Re: SQOOP INCREMENTAL PULL ISSUE (PLEASE SUGGEST.)

yogesh kumar Mon, 13 Jan 2014 12:52:54 -0800

Hello Abe,

Thanks a zillion for your response,


Yes the unique_vale is SAL  over here ..

I have an option to test with different directory as its having small
amount of data (only 1 month data)

Yes the interesting fact is I did sqoop pull on the basis on month, into
which I am have not done incremental import, and the data matches very
well, but for daily pull I have to do incremental import every day..

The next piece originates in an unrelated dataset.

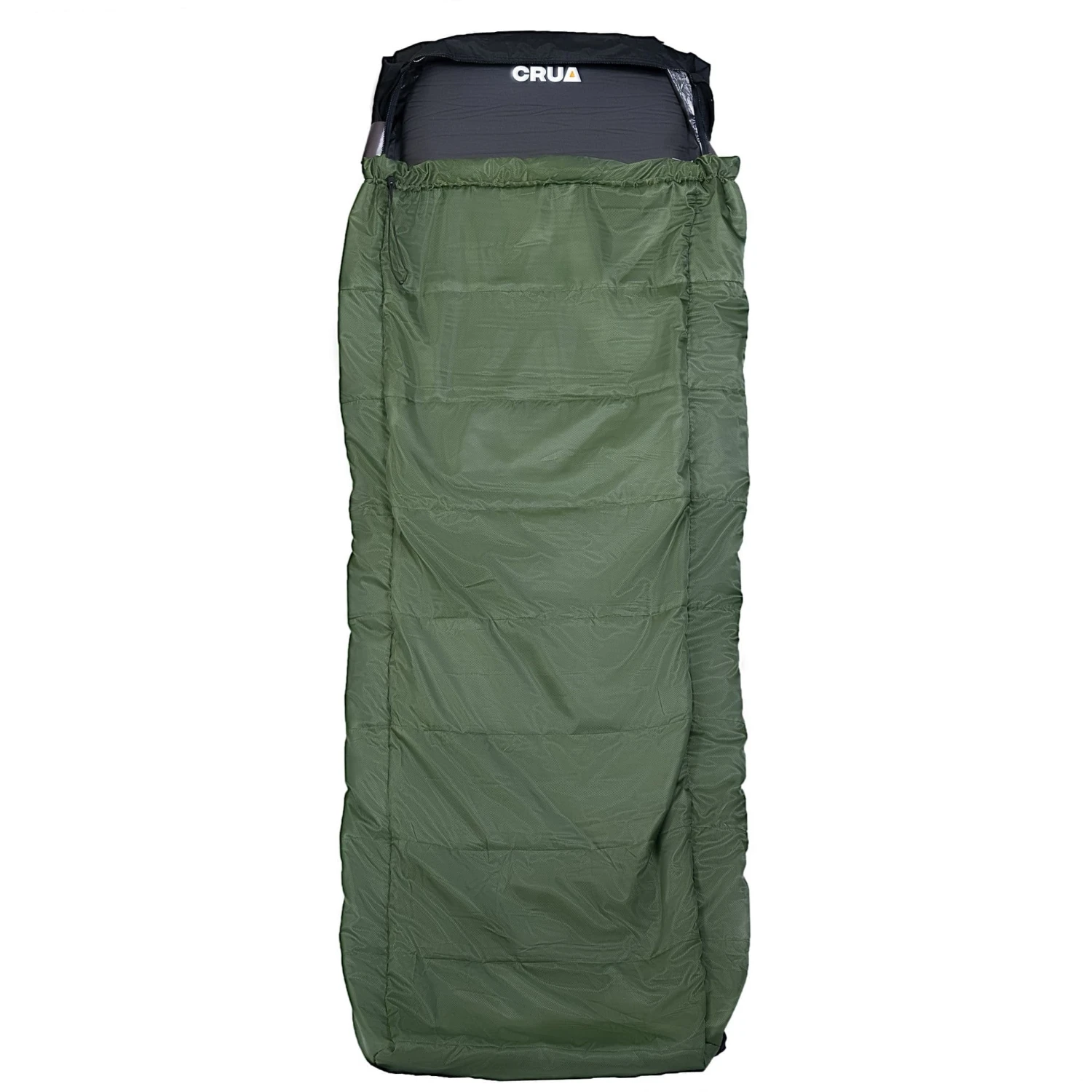CRUA’s Sleep System features a thick, self-inflating mattress for maximum comfort and insulation. The graphene-infused fibers of the zip-on quilt create an insulating and comfortable all-in-one sleep system even on harsh, rocky ground.

and then i find some data loss...

one of the sqoop guy has suggested me to use  " \$CONDITIONS " with in this
query as  ......  from EMP where \$CONDITIONS and SAL > 201401200 and SAL
<= 201401204 \

like

EMP where SAL > 201401200 and SAL <= 201401204 and   \$CONDITIONS



Plz do suggest me pls help me out as I have to output to my client..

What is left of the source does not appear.